The price of crude oil last week fell from $68.979 to $61.850 per barrel.

On Monday this week, the price rebounded three per cent “as investor risk appetite increased and the US dollar softened”, Oilprice.com’s Tsvetana Paraskova reported.

Despite the bounce early this week, investors should in the longer term consider a selling position as the previous pressures remain. Crude is still finding it difficult to draw support and buyers as global demand has fallen with restrictions and lockdowns due to concerns over the Covid-19 Delta variant.

Fxempire.com on August 22 cited Reuters as reporting that “China, the world’s largest crude importer, has imposed new restrictions with its ‘zero tolerance’ coronavirus policy, which is affecting shipping and global supply chains. The US and China have also imposed restrictions on flight capacity”.

This brake on fuel demand and other factors should be considered for investors remaining in a selling mood.

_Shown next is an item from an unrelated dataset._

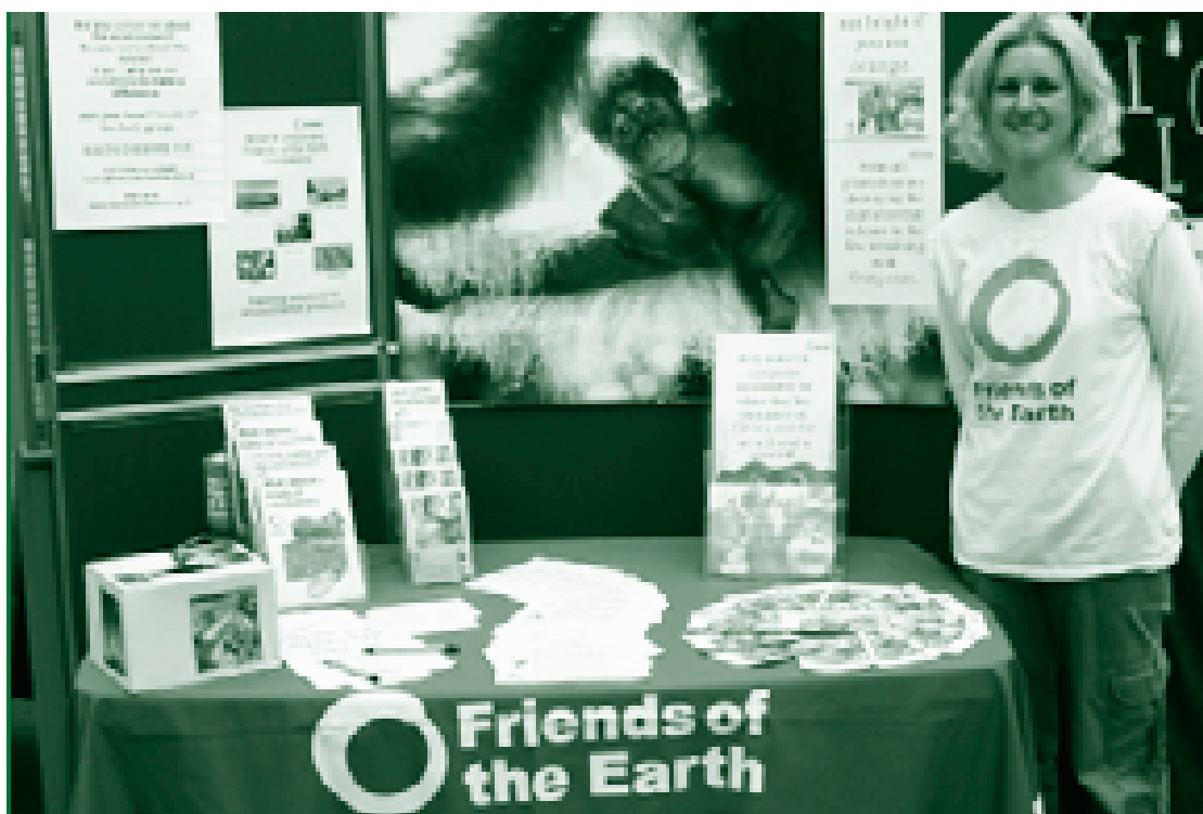
South Cheshire Friends of the Earth

When your group last ran a stall, how much time did you spend in advance talking it through and planning it? For most groups the answer is probably "not a lot" and yet a stall is the public face of your group, a route to new members and the first place that members of the public take action on our campaigns. So it's worth a bit of time getting it just right. Follow the simple steps in this pull-out guide and you could enter a whole new world of successful street campaigning.

“US President Joe Biden’s administration [has] urged OPEC and its allies [OPEC+] to boost oil output to tackle rising gasoline prices that they see as a threat to the global economic recovery.

“The request reflects the White House’s willingness to engage major world oil producers for more supply to help industry and consumers, even as it seeks the mantle of global leadership in the fight against climate change and discourages drilling at home,” Reuters reported on August 12.

As a result, “oil prices came off their peak in July, after OPEC+ announced that it would be gradually increasing supply to reverse its previous 5.8 million barrel-per-day production cuts by September 2022”, ZUU online reported on August 20.

“This latest development could not have come at a worse time for the crude oil market, as the increased supply is expected to dampen prices,” it added.

For this week’s trading recommendation, investors should look at selling crude oil at $66.168 per barrel, with the take-profit function setting at $57.777 and stop-loss at $69.444 per barrel.